Erdemir Ahmet, McLean Scott, Herzog Walter, van den Bogert Antonie J
Department of Biomedical Engineering (ND-20), The Cleveland Clinic Foundation, 9500 Euclid Avenue, Cleveland, OH 44195, USA.
Clin Biomech (Bristol). 2007 Feb;22(2):131-54. doi: 10.1016/j.clinbiomech.2006.09.005. Epub 2006 Oct 27.

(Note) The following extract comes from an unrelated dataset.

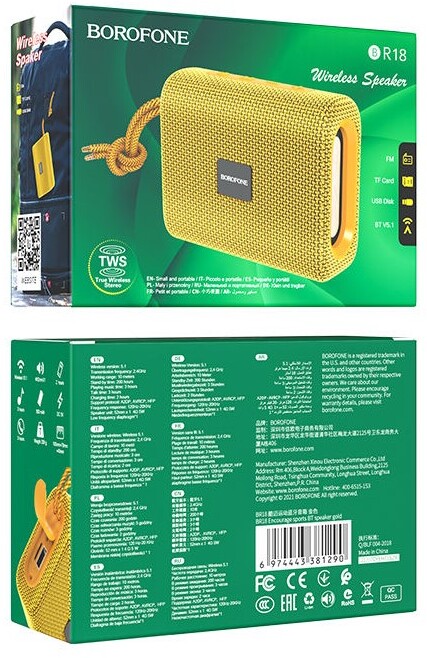 BOROFONE BR18 Encourage — це компактна портативна бездротова колонка, ідеальна для активного відпочинку, спорту та повсякденного використання. Завдяки легкій вазі лише та компактним розмірам, вона легко поміщається в кишені чи рюкзаку, дозволяючи брати улюблену музику куди завгодно.
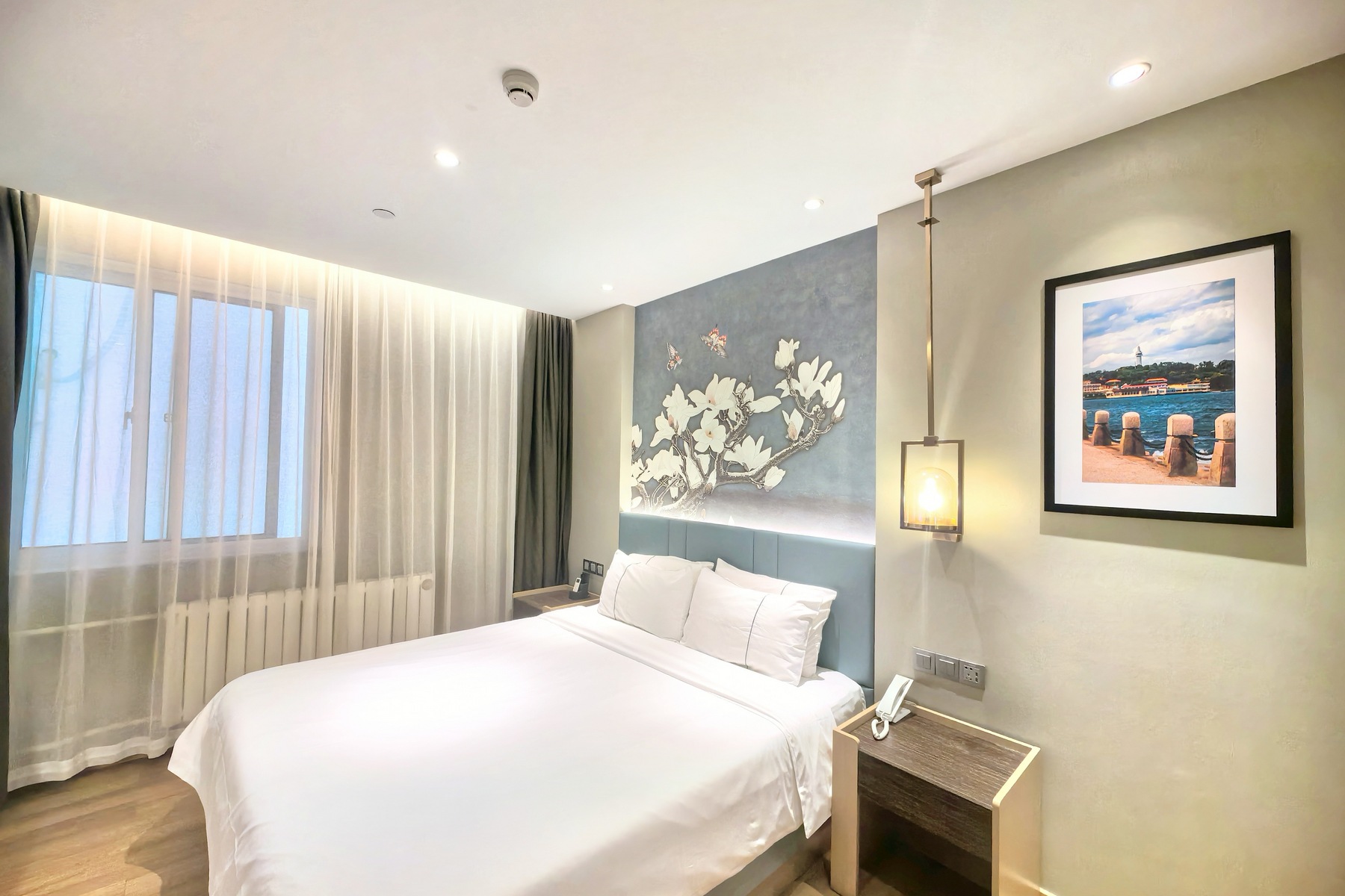 酒店地处烟台莱山区核心商圈,周边商务、旅游、购物、餐厅等设施众多,交通便利。 酒店距离银座购物商城、宝龙广场300米; 烟台振华购物商厦600米; 烟台市人民政府、毓璜顶莱山分院、佳世客、莱山万象汇约5-8分钟车程; 烟台大学、滨州医学院烟台校区、烟台山医院东院区、烟台国际博览中心、烟台国际会展中心、烟台体育馆、烟大小吃街、烟大海水浴场,约10分钟车程; 山东工商行学院、烟台理工学院、黄海明珠、虞美人广场、高铁南站约10-15分钟车 烟台海昌鲸鲨海洋公园、第二海水浴场、海昌渔人码头、千与千寻铁轨,月亮湾、栈桥、东炮台公园约18分钟车程; 酒店配有大型免费停车场,设有近百个车位,内设会议室,配备大型LED高清电视、投影等会议设备,拥有可接待100多人多媒体会议厅,并可提供会议餐服务。 酒店设计采取时尚简约的欧式装修风格,让您在商务和出游之余享受到淡雅清新、舒适静谧的休闲时光。——便捷交通·品质商旅·舒心体验

Estimation of individual muscle forces during human movement can provide insight into neural control and tissue loading and can thus contribute to improved diagnosis and management of both neurological and orthopaedic conditions. Direct measurement of muscle forces is generally not feasible in a clinical setting, and non-invasive methods based on musculoskeletal modeling should therefore be considered. The current state of the art in clinical movement analysis is that resultant joint torques can be reliably estimated from motion data and external forces (inverse dynamic analysis). Static optimization methods to transform joint torques into estimates of individual muscle forces using musculoskeletal models, have been known for several decades. To date however, none of these methods have been successfully translated into clinical practice. The main obstacles are the lack of studies reporting successful validation of muscle force estimates, and the lack of user-friendly and efficient computer software. Recent advances in forward dynamics methods have opened up new opportunities. Forward dynamic optimization can be performed such that solutions are less dependent on measured kinematics and ground reaction forces, and are consistent with additional knowledge, such as the force-length-velocity-activation relationships of the muscles, and with observed electromyography signals during movement. We conclude that clinical applications of current research should be encouraged, supported by further development of computational tools and research into new algorithms for muscle force estimation and their validation.
估计人体运动过程中各个肌肉的力量,有助于深入了解神经控制和组织负荷情况,从而有助于改善神经科和骨科疾病的诊断与治疗。在临床环境中,直接测量肌肉力量通常不可行,因此应考虑基于肌肉骨骼建模的非侵入性方法。临床运动分析的当前技术水平是,可以根据运动数据和外力可靠地估计合成关节扭矩(逆动力学分析)。使用肌肉骨骼模型将关节扭矩转换为各个肌肉力量估计值的静态优化方法,已经存在了几十年。然而,迄今为止,这些方法均未成功应用于临床实践。主要障碍在于,缺乏报告肌肉力量估计成功验证的研究,以及缺乏用户友好且高效的计算机软件。正向动力学方法的最新进展带来了新的机遇。可以进行正向动态优化,使解决方案较少依赖于测量的运动学和地面反作用力,并且与其他知识(例如肌肉的力-长度-速度-激活关系)以及运动过程中观察到的肌电图信号一致。我们得出结论,应鼓励当前研究的临床应用,并通过进一步开发计算工具以及研究肌肉力量估计新算法及其验证来提供支持。